Mifflin joined the RCN in 1954 after serving as a Sea Cadet and rose through the ranks as an officer:

 Executive officer  1968–1969
 Command secretary, Maritime Command 1969–1970
 Commanding officer  1970–1972
 Captain, National Defence Headquarters Evaluation Branch 1973–1976
 Commander, First Canadian Destroyer Squadron 1976–1978
 Director of Maritime Requirements 1978–1979
 Director, National Defence Headquarters Secretariat 1979–1981
 Chief of staff, Maritime Command Headquarters, Plans and Ops 1981–1984
 Chief of staff, Maritime Command Headquarters, Personnel 1984–1985
 Rear admiral and deputy commander, Maritime Command 1985–1987

Political career

After retiring from 32 years of service in the Royal Canadian Navy, Mifflin entered politics and was elected to the House of Commons of Canada in the 1988 election. Mifflin became the Liberal Member of Parliament (MP) for the Newfoundland riding of  Bonavista-Trinity-Conception.

After the Liberals came to power under the leadership of Jean Chrétien in the 1993 election, Mifflin was appointed parliamentary secretary to the ministers of national defence and veterans affairs.
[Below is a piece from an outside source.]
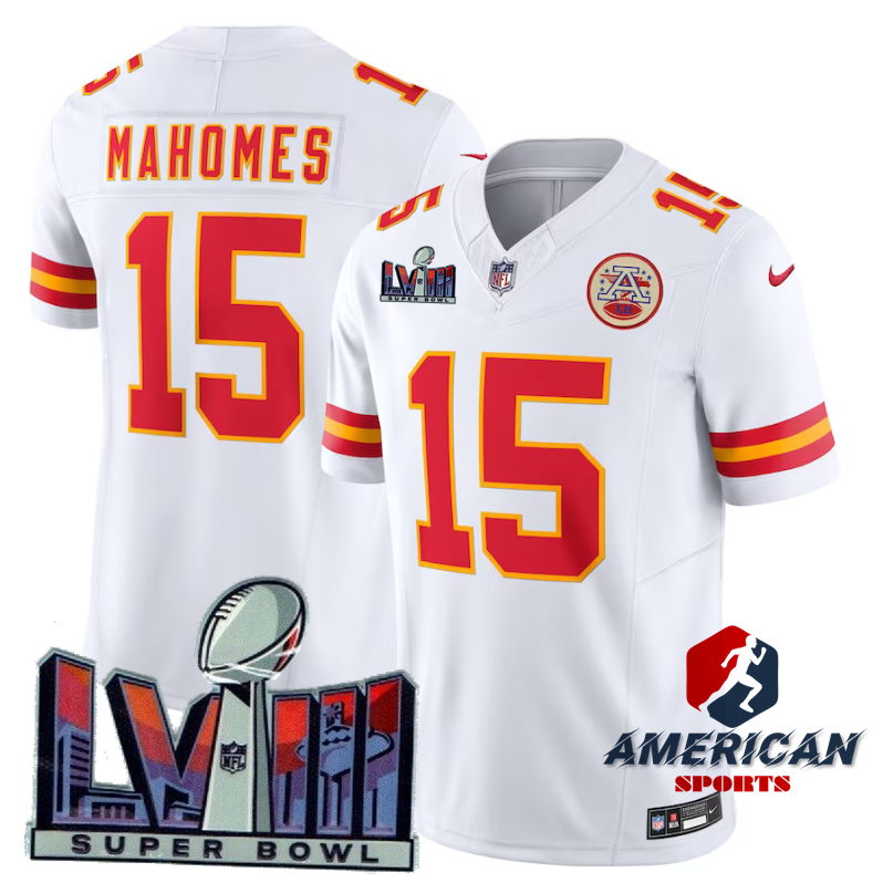 Camiseta NFL 2024 Nova 3ª Geração Kansas City Chiefs Patrick Mahomes #15 branco Camisa de Futebol Americano Jersey 2023NFL jerseys

In 1996, he was appointed to the Canadian Cabinet as Minister of Fisheries and Oceans. In a 1997 cabinet shuffle, he was appointed Minister of Veterans Affairs and  Secretary of State for the Atlantic Canada Opportunities Agency. Mifflin decided that he wasn't going to run in the next general election, and was dropped from Cabinet in August 1999. He did not run for re-election in the 2000 election.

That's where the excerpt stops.